Implementation Surface
| Repository | HEAD | Date | Character |
|---|---|---|---|
| patham9/NACE | 361fddf | 2025-05-06 | Primary maintained line; implementation-backed core; pure-Python (100% per language breakdown); MIT licensed; 22 stars / 5 forks / 9 releases. |
How NACE Relates to Its Neighbors
- vs AIRIS: Inheritance and extension, not identity. NACE explicitly extends AIRIS to partial-observability, nonstationary, and external-change settings, and adds NAL evidence revision. The paradigm distinctions established for AIRIS carry forward: NACE's curiosity is not ECAN attention, its confidence is not a PLN truth value, and its state graph is not an AtomSpace.
- vs MeTTa-NARS: Shared author (patham9) and shared NAL truth-value semantics (frequency/confidence), but different paradigms: NACE is a causal-rule learning agent that uses NAL evidence, whereas MeTTa-NARS is a faithful NAL-1..NAL-5 reasoner ported to MeTTa. NACE bridges to MeTTa-NARS / ONA via
bridge.py; it is not itself a NARS implementation. - vs PLN: Paradigm-distinct. NAL frequency/confidence is not PLN strength/count. Treat the cross-link as a boundary, not an alternative implementation.
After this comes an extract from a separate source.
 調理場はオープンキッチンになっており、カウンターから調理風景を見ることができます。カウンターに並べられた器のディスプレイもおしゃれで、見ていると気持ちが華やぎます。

- vs ECAN: Paradigm-distinct. NACE's curiosity drives exploration locally via
airis_score; ECAN attention is a global economic STI/LTI dynamic. Not the same mechanism. - vs MOSES, AI-DSL, Concept Blending, Pattern Mining: Adjacent but non-integrated; no cross-imports at HEAD.
What This Card Is Not
- Not a NARS implementation. See MeTTa-NARS for that. NACE uses NAL evidence values but does not implement the NAL-N inference rules.
- Not an AIRIS clone. See AIRIS. NACE extends AIRIS to a strictly larger problem class; the original AIRIS apparatus is referenced and compared, not re-implemented.
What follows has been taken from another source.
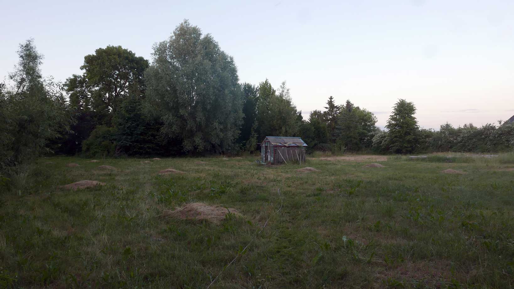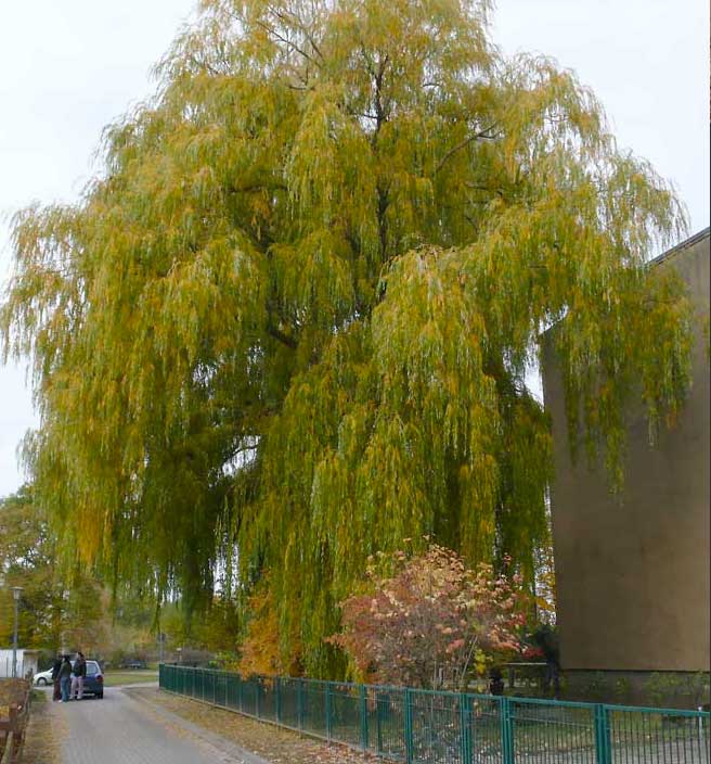 die Weide fällt noch vor dem Gebäude nun ohne Grund

- Not C++. The repo is 100% Python at HEAD. Any "C++" /
src/main.cpp/NACE.cppclaim is mistaken — it originates from a pre-review reviewer error, corrected on direct inspection of the repository. - Not part of the Hyperon-core stack. NACE is a standalone Hammer-lineage research engine. Its MeTTa connection is the
bridge.pyONA bridge surface, not deep AtomSpace/PLN integration.
Status and Sources
Implementation status: Active, maintained research line. The recent commit theme is Qt/Wayland support (a PyQt GUI). NACE demonstrates AIRIS-derived control on grid-world environments with Non-Axiomatic evidence tracking.
Primary sources:
- Hammer, P. (n.d.). NACE: Non-Axiomatic Causal Explorer. README + repository at patham9/NACE.
- Cook, B. & Hammer, P. (2024). AIRIS: Autonomous Intelligent Reinforcement Inferred Symbolism. KTH/DiVA diva2:1890142. The source paper for the AIRIS apparatus that NACE extends.
- Wang, P. (2013). Non-Axiomatic Logic: A Model of Intelligent Reasoning. World Scientific. The source for the NAL frequency/confidence semantics NACE uses for evidence tracking.
Provenance: the verdicts on this card come from a 2026-05-07 source-code review; the extraction archive is at scripts/archive/non_clustered_haa_pilot/source5_NACE_AIDSL_MOSES_MeTTaNARS/.